> _DATASET CONTENT_:
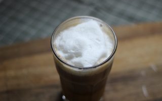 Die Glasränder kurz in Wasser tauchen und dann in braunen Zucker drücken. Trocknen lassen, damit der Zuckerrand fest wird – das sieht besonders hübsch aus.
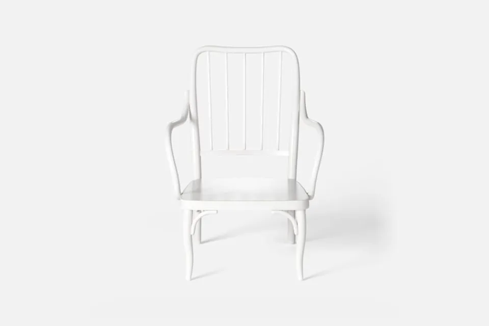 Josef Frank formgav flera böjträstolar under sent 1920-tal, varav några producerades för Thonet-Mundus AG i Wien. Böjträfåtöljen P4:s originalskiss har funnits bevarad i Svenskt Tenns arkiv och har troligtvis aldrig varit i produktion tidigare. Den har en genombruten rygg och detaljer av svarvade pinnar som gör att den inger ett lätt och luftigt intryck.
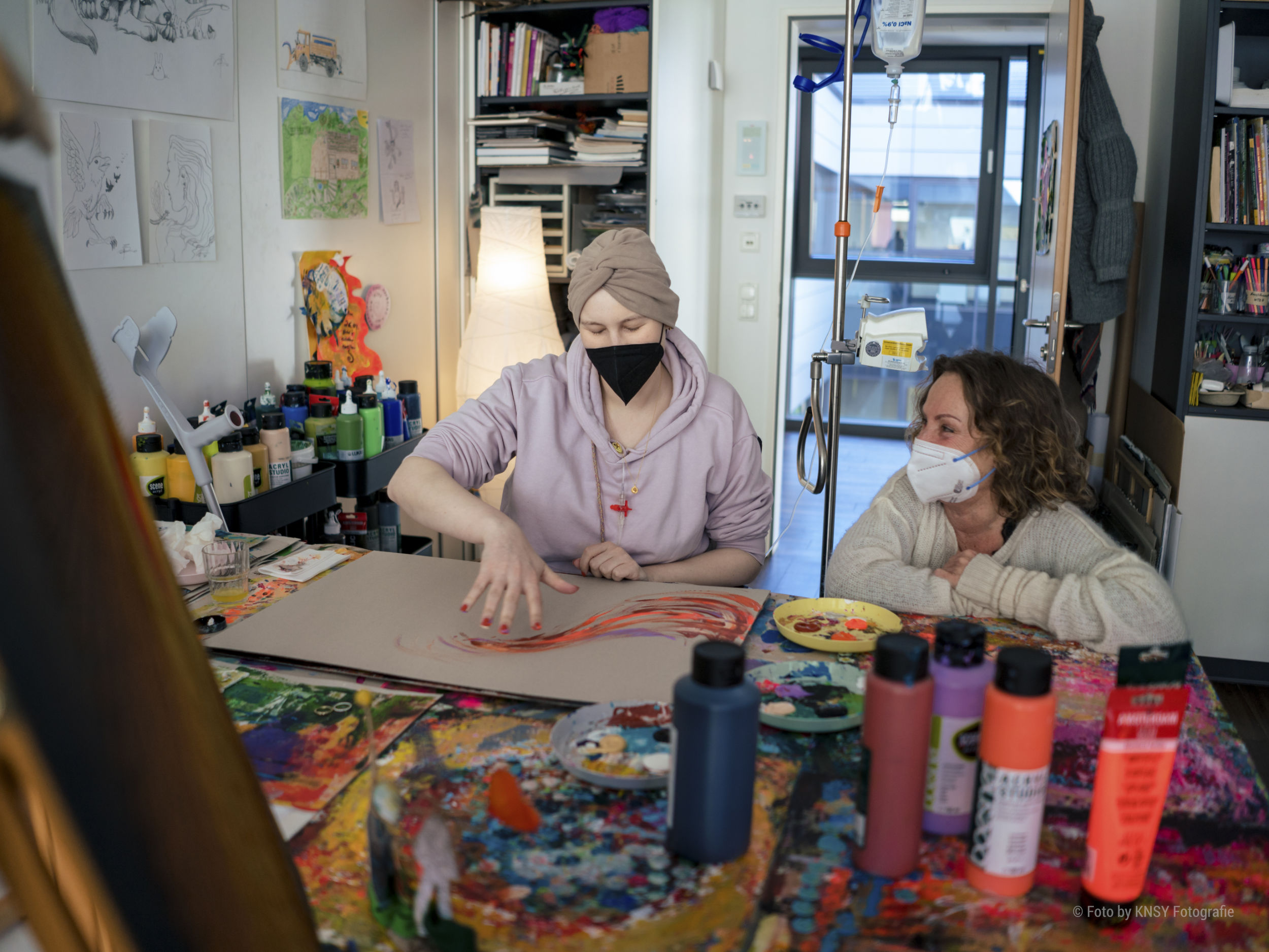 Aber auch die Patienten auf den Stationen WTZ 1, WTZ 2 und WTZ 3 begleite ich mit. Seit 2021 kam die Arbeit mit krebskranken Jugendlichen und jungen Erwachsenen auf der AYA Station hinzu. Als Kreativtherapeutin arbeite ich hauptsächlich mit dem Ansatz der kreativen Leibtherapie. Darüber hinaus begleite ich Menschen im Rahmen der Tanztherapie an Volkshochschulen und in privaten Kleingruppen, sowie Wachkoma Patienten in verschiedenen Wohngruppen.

> _WORK REQUEST_: Output the listing exactly. Leave out any image.

> _ANSWER FOR THIS EXERCISE_:
 Die Glasränder kurz in Wasser tauchen und dann in braunen Zucker drücken. Trocknen lassen, damit der Zuckerrand fest wird – das sieht besonders hübsch aus.
 Josef Frank formgav flera böjträstolar under sent 1920-tal, varav några producerades för Thonet-Mundus AG i Wien. Böjträfåtöljen P4:s originalskiss har funnits bevarad i Svenskt Tenns arkiv och har troligtvis aldrig varit i produktion tidigare. Den har en genombruten rygg och detaljer av svarvade pinnar som gör att den inger ett lätt och luftigt intryck.
 Aber auch die Patienten auf den Stationen WTZ 1, WTZ 2 und WTZ 3 begleite ich mit. Seit 2021 kam die Arbeit mit krebskranken Jugendlichen und jungen Erwachsenen auf der AYA Station hinzu. Als Kreativtherapeutin arbeite ich hauptsächlich mit dem Ansatz der kreativen Leibtherapie. Darüber hinaus begleite ich Menschen im Rahmen der Tanztherapie an Volkshochschulen und in privaten Kleingruppen, sowie Wachkoma Patienten in verschiedenen Wohngruppen.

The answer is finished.